1

This question is similar to How to emulate MySQLs utf8_general_ci collation in PHP string comparisons but I want the function for vb.net rather than PhP.

Recently I make a lot of supposedly unique key.

Some of the keys are equivalent under UTF8 unicode collation.

For example, look at these 2 key:

byers-street-bistro__38.15_-79.07 byers-street-bistro‎__38.15_-79.07

If I paste that into front page, and look at the source code you'll see

byers-street-bistro__38.15_-79.07

byers-street-bistro‎__38.15_-79.07

Note: In stack overflow they still look different.

I know it's not the same. I guess even in stack exchange it doesn't show. Say I have 1 million such records and I want to test whether 2 string WILL be declared the same by MySQL UTF8 collation. I want to know that before uploading. How do I do that.

So vb.net think that those are different keys. When we created mysql query and upload that to database, the database complain it's the same key. Just one complain and the upload of 1 million databases will be stuck.

We don't even know what the hell is ‎? Where can we look that up anyway?

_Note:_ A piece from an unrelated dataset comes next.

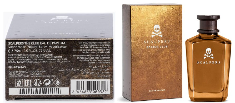 Scalpers Boxing Club es descrito como un perfume ideal para el hombre seductor, masculino y elegante. El perfume está disponible en presentaciones de 75 ml y 125 ml; su precio en Amazon es de 40,14 euros en su presentación de 75 ml.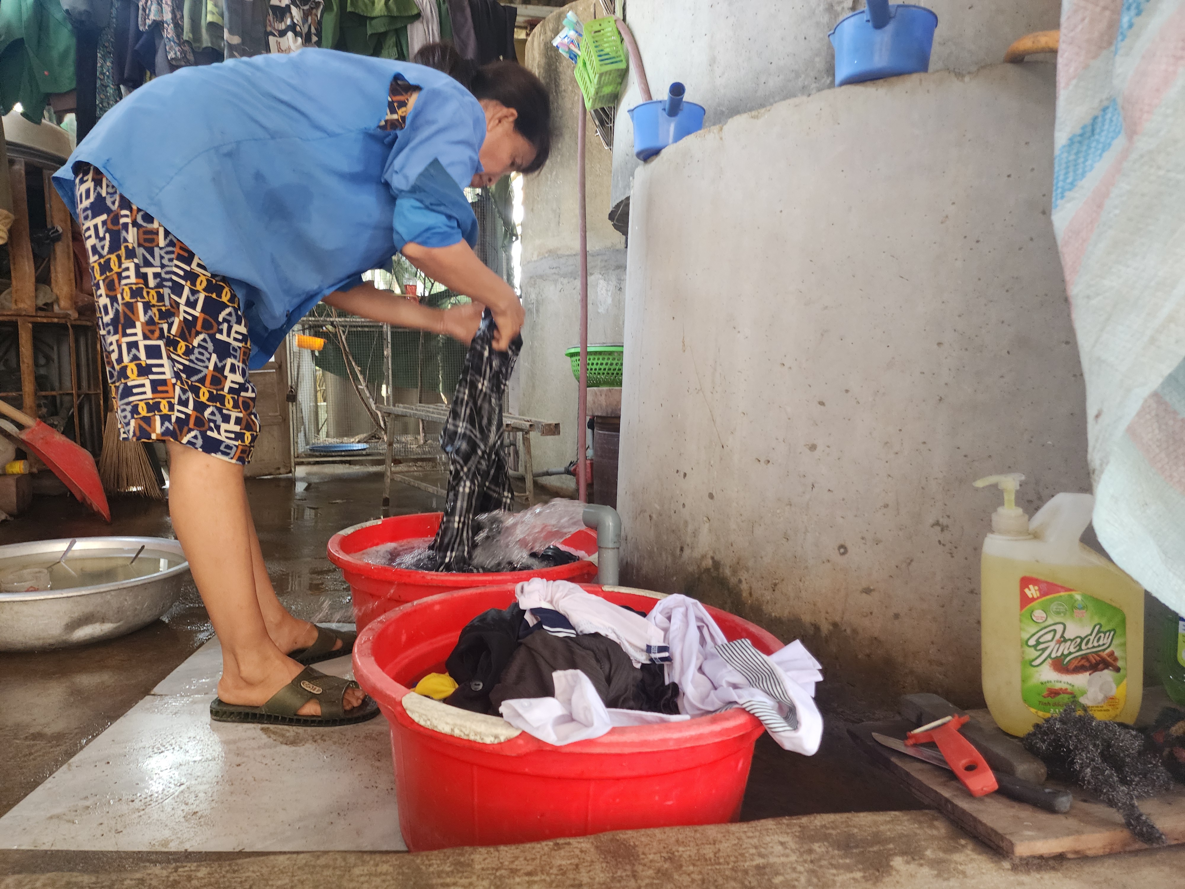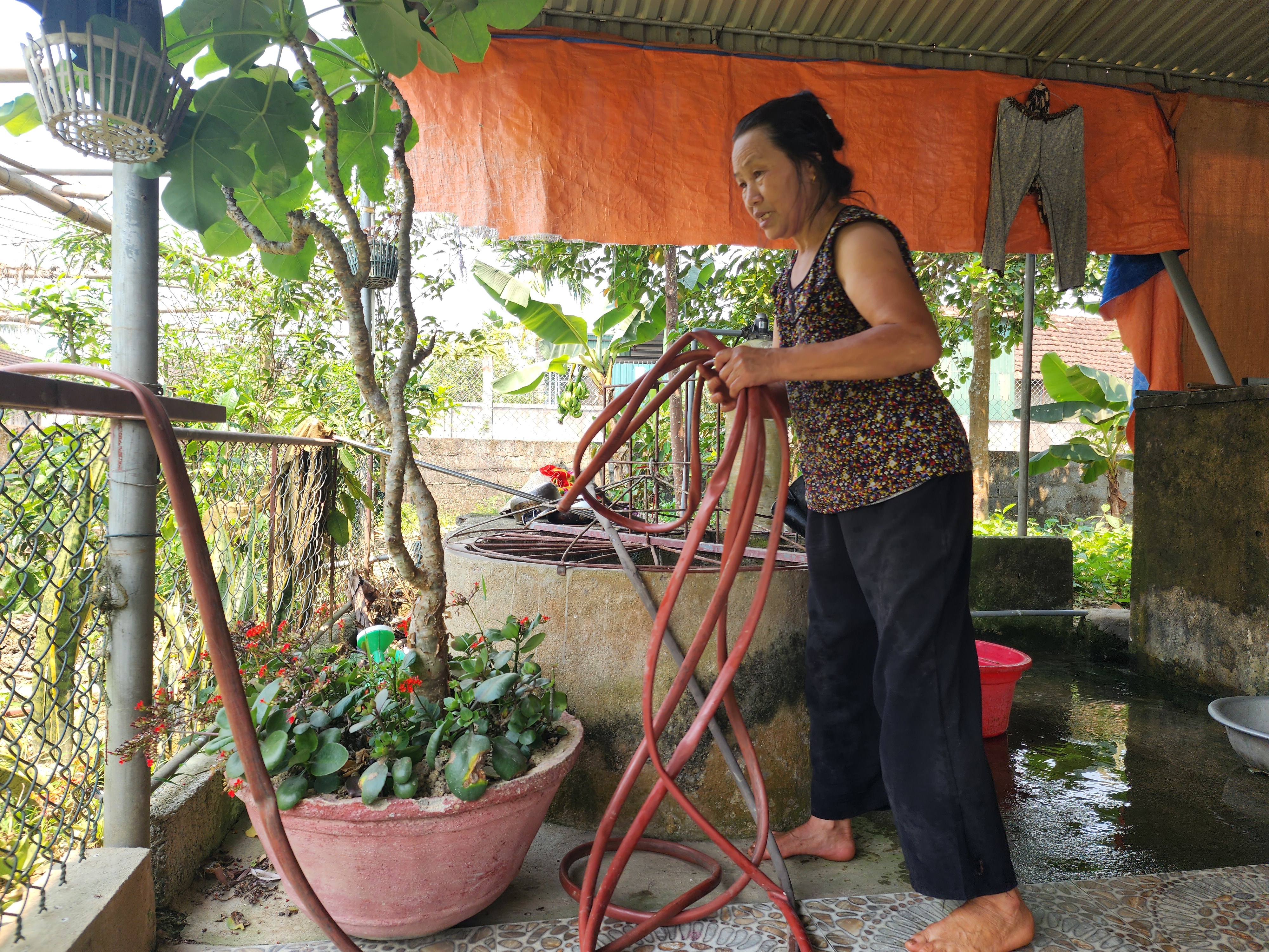 Cuộc sống của gia đình bà Nguyễn Thị Định (76 tuổi) cũng đảo lộn do không có nước máy sinh hoạt kéo dài. Gia đình phải sử dụng nước mưa tích trữ để ăn uống, song cũng đang cạn kiệt. Còn tắm rửa, giặt giũ quần áo thì sử dụng nước bơm từ hồ ngoài ruộng và giếng khơi.

Anyway, I want a function that when given 2 strings will tell me whether they will count as the same or not.

If possible we want a function that convert strings into their most "standard" form.

For example, ‎ seems to encode nothing and the function would recoqnize all those nothing character and eliminate that.

Is there such thing?

So far this is what I do. I need something more comprehensive.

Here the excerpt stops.